Task directions:
What is needed is an exact repetition of the lines from the first one in the data through the line with "La Casa Acrílica", with no pictures.

[Start of section]

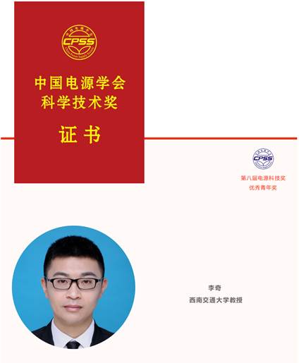 公司李奇教授获第八届中国电源学会科学技术奖优秀青年奖
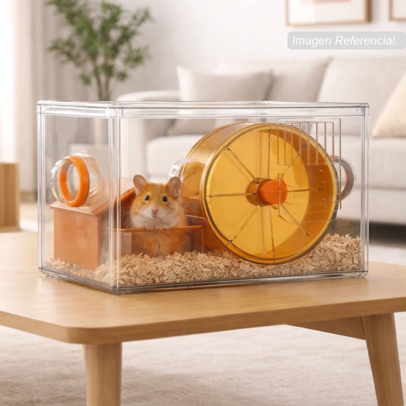 La Casa Acrílica para Hámster es un hábitat moderno, seguro y súper práctico para hámsters y roedores pequeños. Su diseño transparente permite observar a tu mascota en todo momento y mantener su espacio limpio y ordenado. Incluye accesorios integrados como rueda de ejercicio, área de descanso y espacio para alimento, brindándole un entorno más completo, cómodo y entretenido.
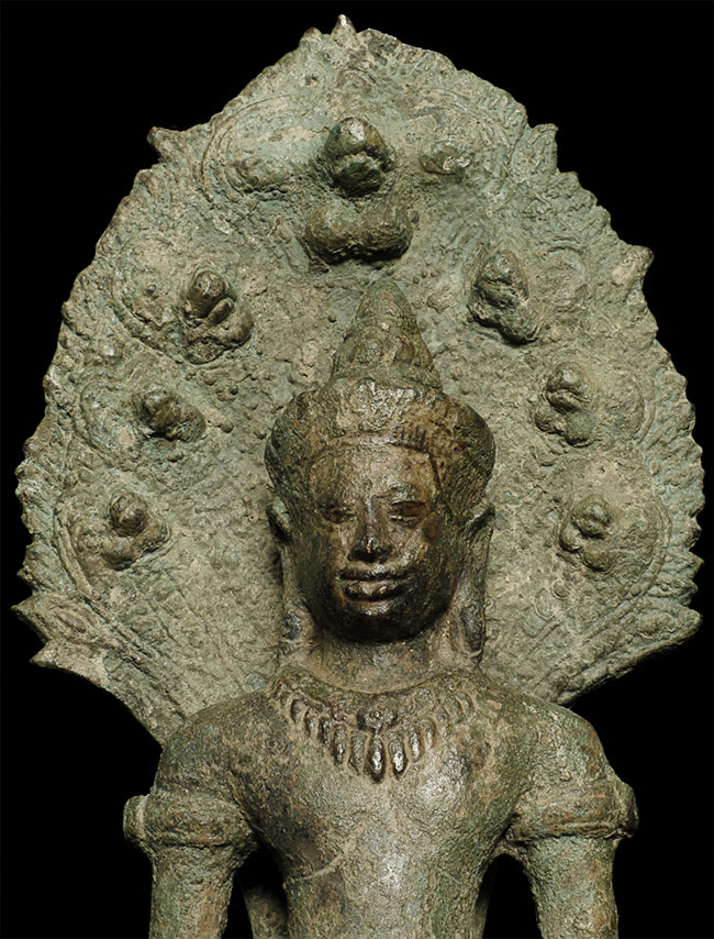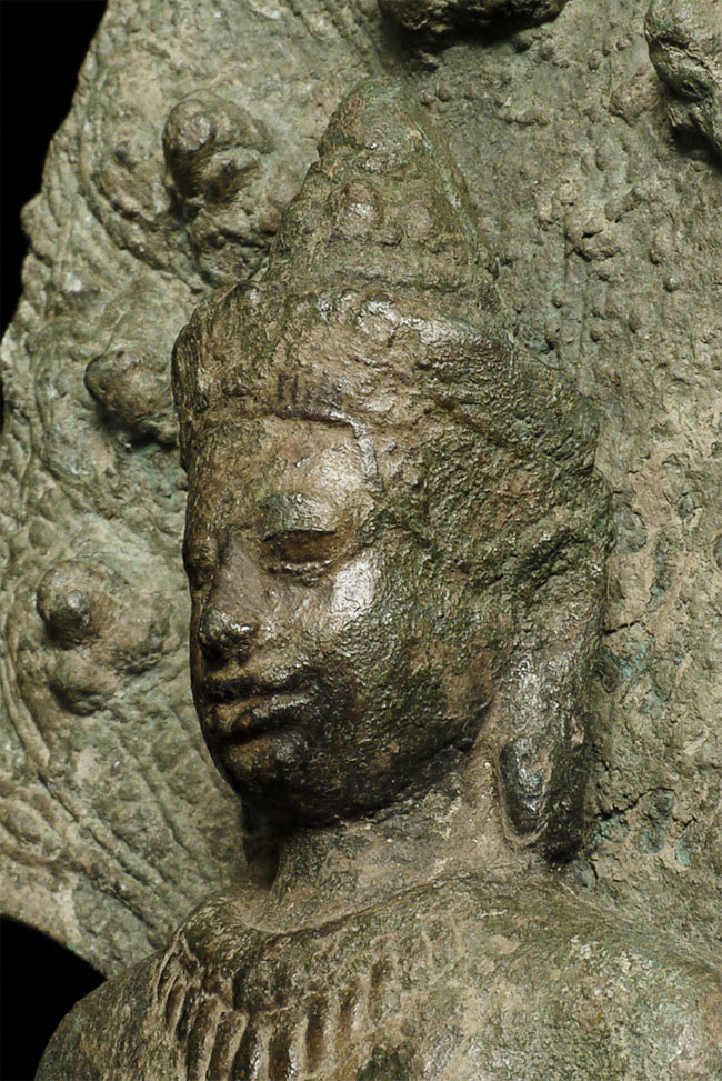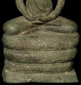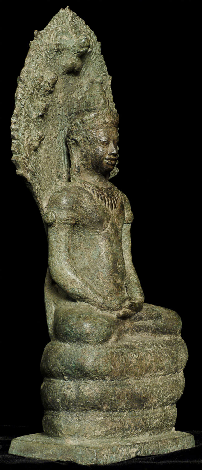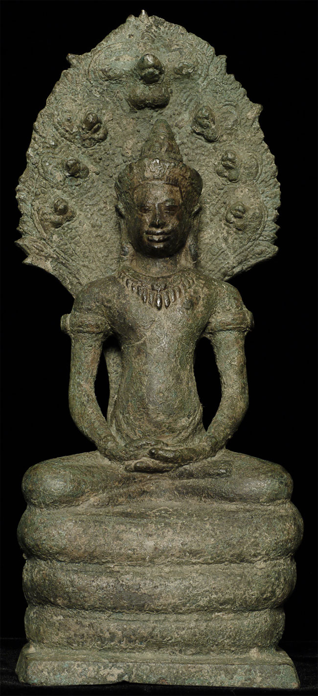 Beautiful 9" tall Khmer style Naga Buddha. In a 12thC style, but probably 20th century. Still, an exceptional Buddha.
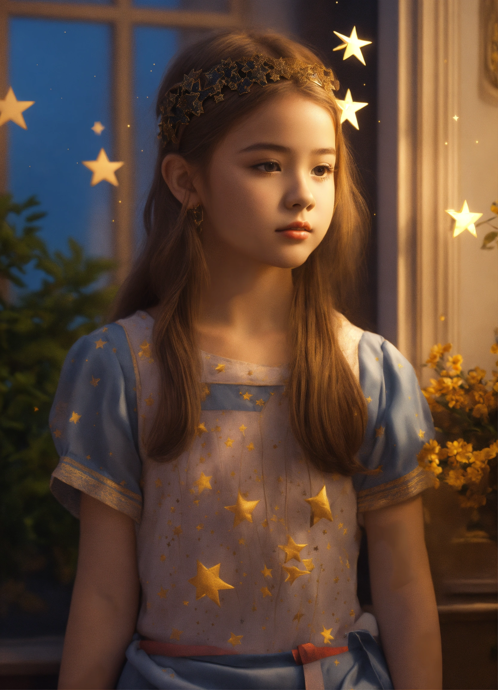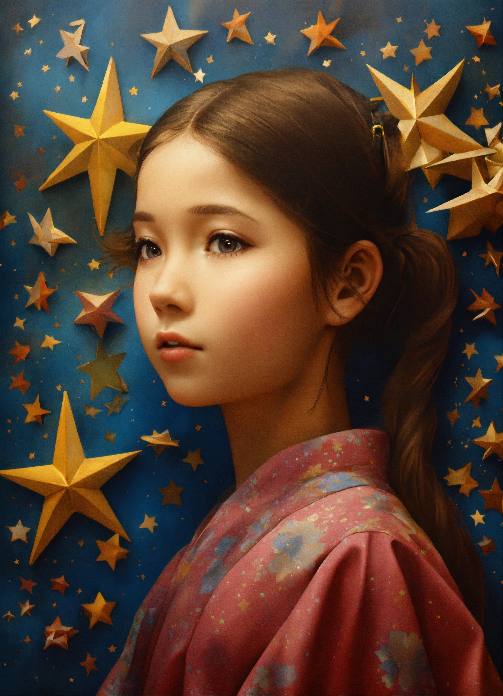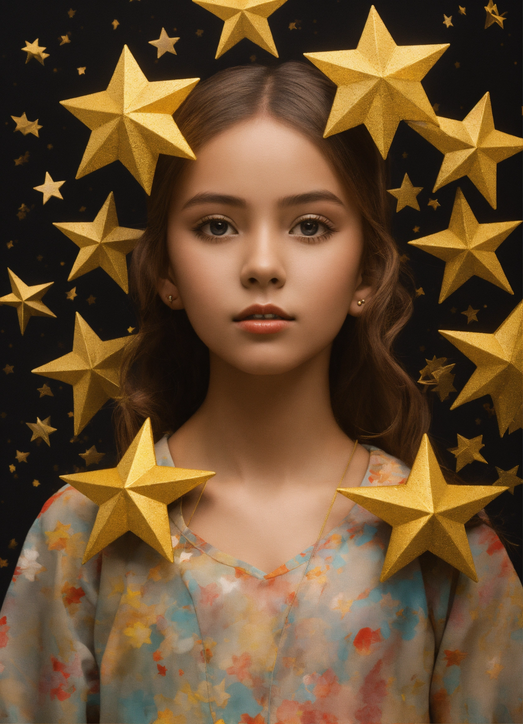 Young girl with two stars 3d art
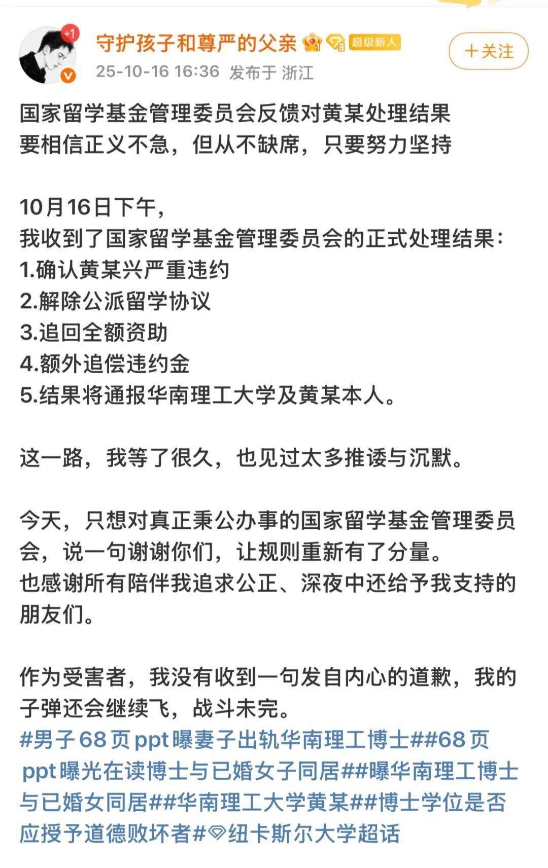 9月底,一名自称“守护孩子和尊严的父亲”的网友在网络上发布了一份长达68页的PPT,举报华南理工大学在读博士生黄某兴与其妻子存在长期不正当关系,此事迅速引发关注。

[End of section]

Exercise answer:
 公司李奇教授获第八届中国电源学会科学技术奖优秀青年奖
 La Casa Acrílica para Hámster es un hábitat moderno, seguro y súper práctico para hámsters y roedores pequeños. Su diseño transparente permite observar a tu mascota en todo momento y mantener su espacio limpio y ordenado. Incluye accesorios integrados como rueda de ejercicio, área de descanso y espacio para alimento, brindándole un entorno más completo, cómodo y entretenido.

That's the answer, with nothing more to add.